**What you have to do**
Transcribe exactly the lines below that begin at the line with "8月22日,马鞍山钢铁股份有" and stop after the line with "Куриные бедрышки, соус", leaving out every picture.

**Data extracts**
———

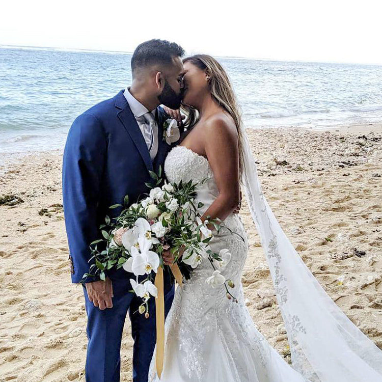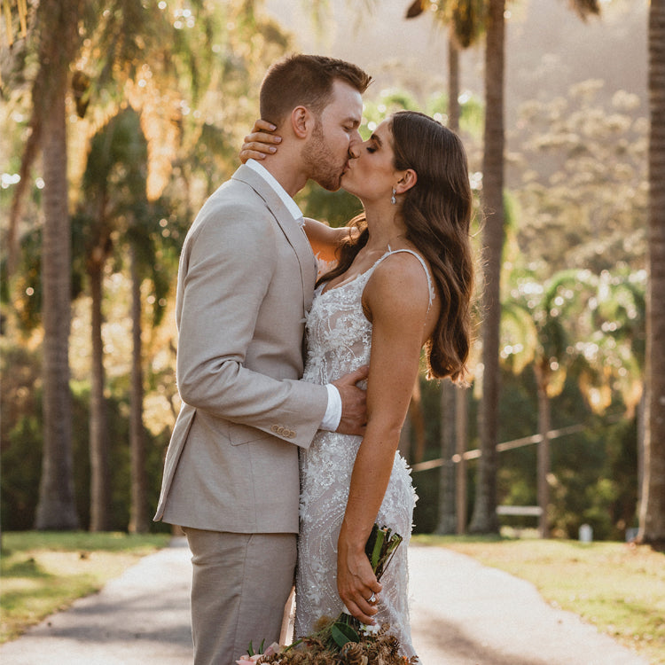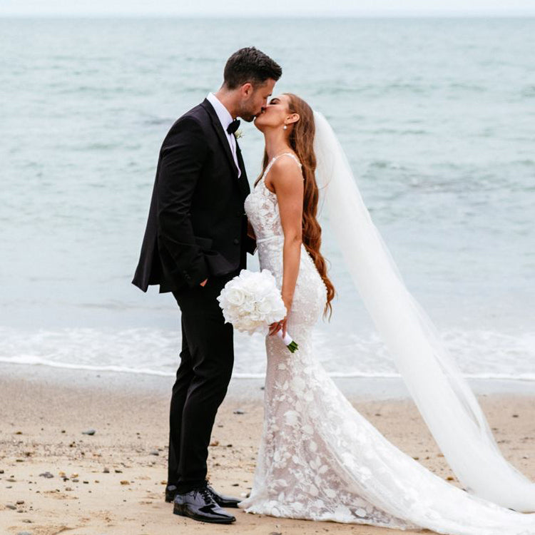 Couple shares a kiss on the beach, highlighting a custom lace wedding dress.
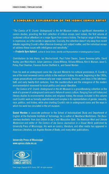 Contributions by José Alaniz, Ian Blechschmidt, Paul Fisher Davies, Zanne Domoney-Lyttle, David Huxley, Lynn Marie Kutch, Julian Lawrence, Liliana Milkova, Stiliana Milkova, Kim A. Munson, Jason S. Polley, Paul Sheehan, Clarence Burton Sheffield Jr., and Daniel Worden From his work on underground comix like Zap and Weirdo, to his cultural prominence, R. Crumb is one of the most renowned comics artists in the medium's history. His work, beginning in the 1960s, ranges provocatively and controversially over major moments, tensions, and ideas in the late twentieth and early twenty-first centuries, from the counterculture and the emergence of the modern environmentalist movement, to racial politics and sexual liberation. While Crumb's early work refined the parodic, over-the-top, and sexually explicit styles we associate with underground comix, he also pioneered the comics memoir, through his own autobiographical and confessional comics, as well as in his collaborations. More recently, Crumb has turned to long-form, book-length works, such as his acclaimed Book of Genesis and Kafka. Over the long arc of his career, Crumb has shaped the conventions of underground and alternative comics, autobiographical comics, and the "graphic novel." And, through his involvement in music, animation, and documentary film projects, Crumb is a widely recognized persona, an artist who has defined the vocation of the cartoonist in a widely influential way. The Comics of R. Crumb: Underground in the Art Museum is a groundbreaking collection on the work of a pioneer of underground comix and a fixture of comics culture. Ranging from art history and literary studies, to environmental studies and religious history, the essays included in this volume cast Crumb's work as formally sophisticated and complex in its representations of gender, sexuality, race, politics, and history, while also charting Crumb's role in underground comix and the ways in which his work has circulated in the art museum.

———

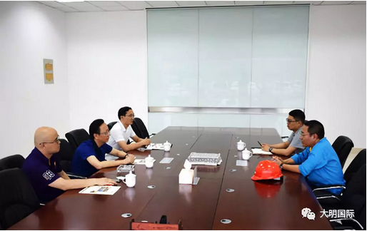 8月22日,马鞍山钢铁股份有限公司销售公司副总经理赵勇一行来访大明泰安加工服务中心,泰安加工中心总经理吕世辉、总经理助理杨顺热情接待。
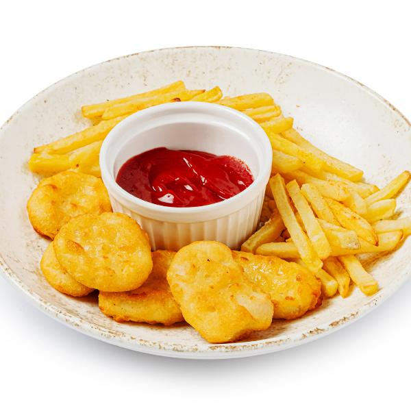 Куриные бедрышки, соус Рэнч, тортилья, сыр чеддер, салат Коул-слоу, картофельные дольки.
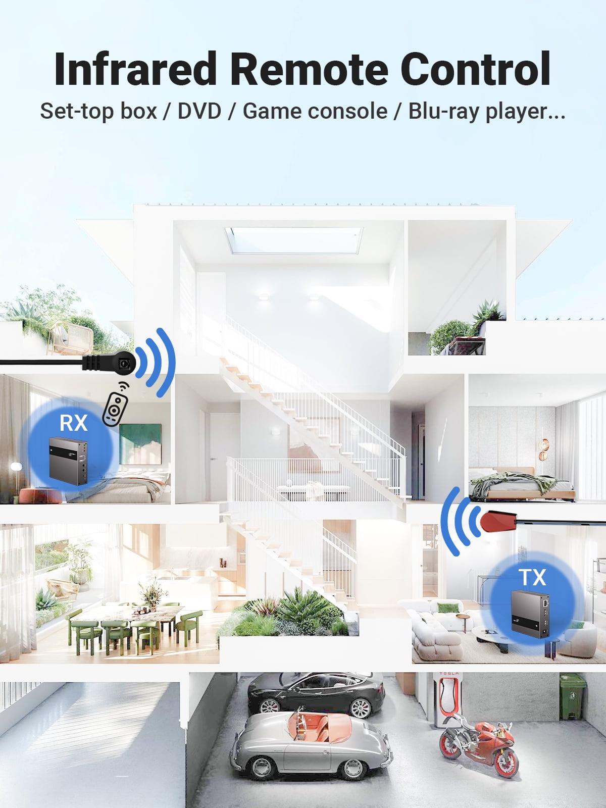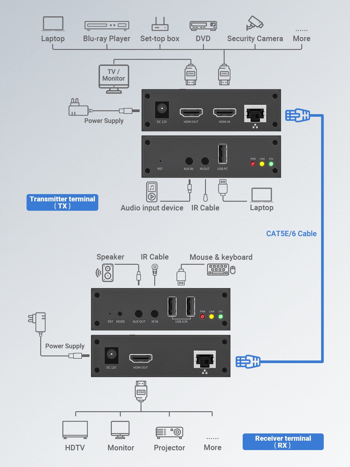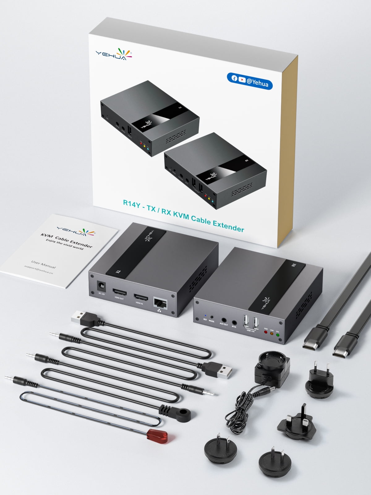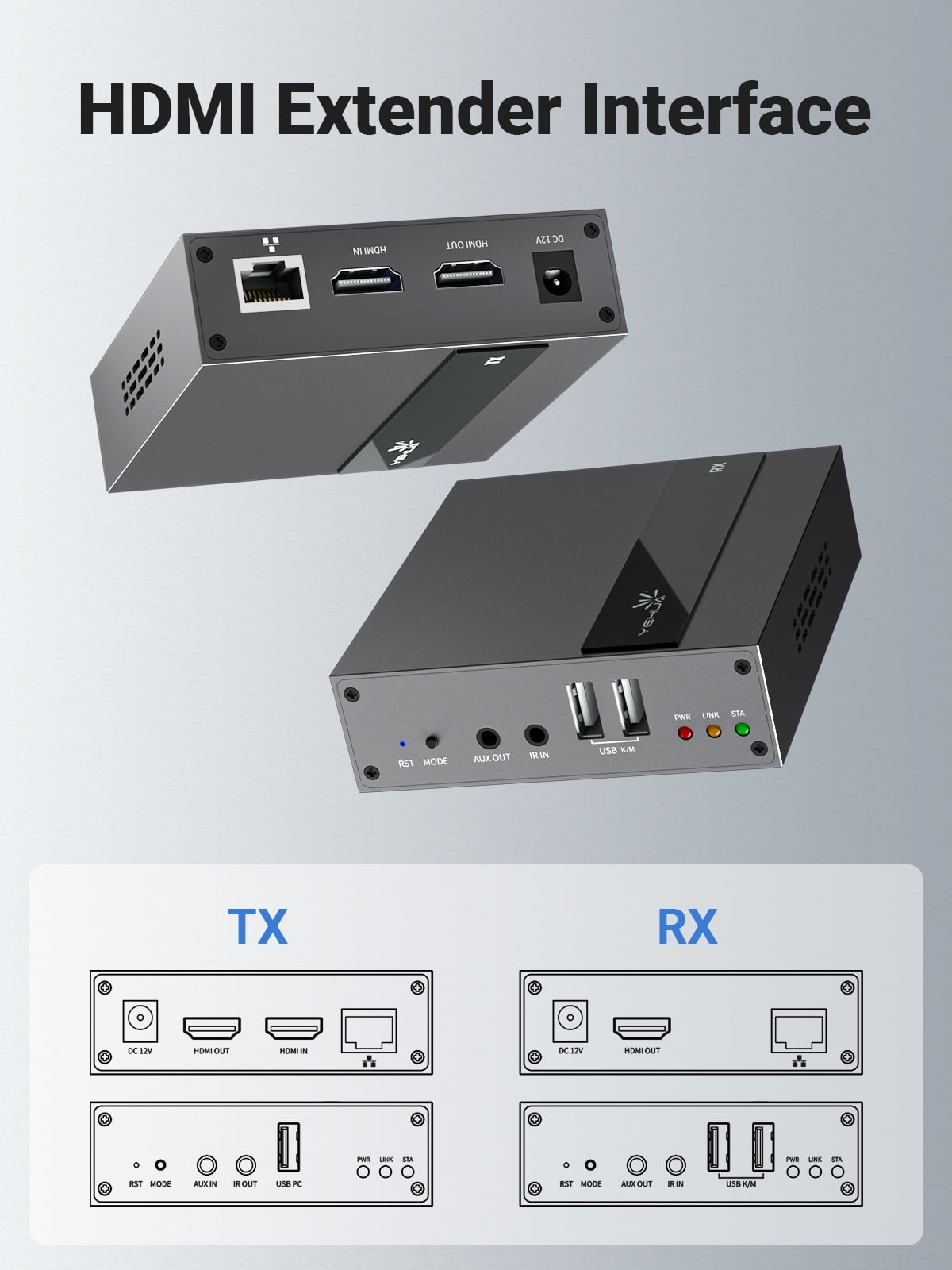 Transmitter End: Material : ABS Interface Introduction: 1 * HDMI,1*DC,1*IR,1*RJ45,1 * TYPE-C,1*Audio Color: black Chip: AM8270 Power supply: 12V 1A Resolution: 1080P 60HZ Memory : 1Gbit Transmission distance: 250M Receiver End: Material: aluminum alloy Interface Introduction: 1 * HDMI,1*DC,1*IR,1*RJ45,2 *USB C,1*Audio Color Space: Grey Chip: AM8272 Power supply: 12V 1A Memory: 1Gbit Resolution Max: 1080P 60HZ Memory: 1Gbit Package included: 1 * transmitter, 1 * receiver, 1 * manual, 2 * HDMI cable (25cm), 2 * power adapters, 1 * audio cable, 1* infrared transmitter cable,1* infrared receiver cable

———

**Answer to the problem**
 8月22日,马鞍山钢铁股份有限公司销售公司副总经理赵勇一行来访大明泰安加工服务中心,泰安加工中心总经理吕世辉、总经理助理杨顺热情接待。
 Куриные бедрышки, соус Рэнч, тортилья, сыр чеддер, салат Коул-слоу, картофельные дольки.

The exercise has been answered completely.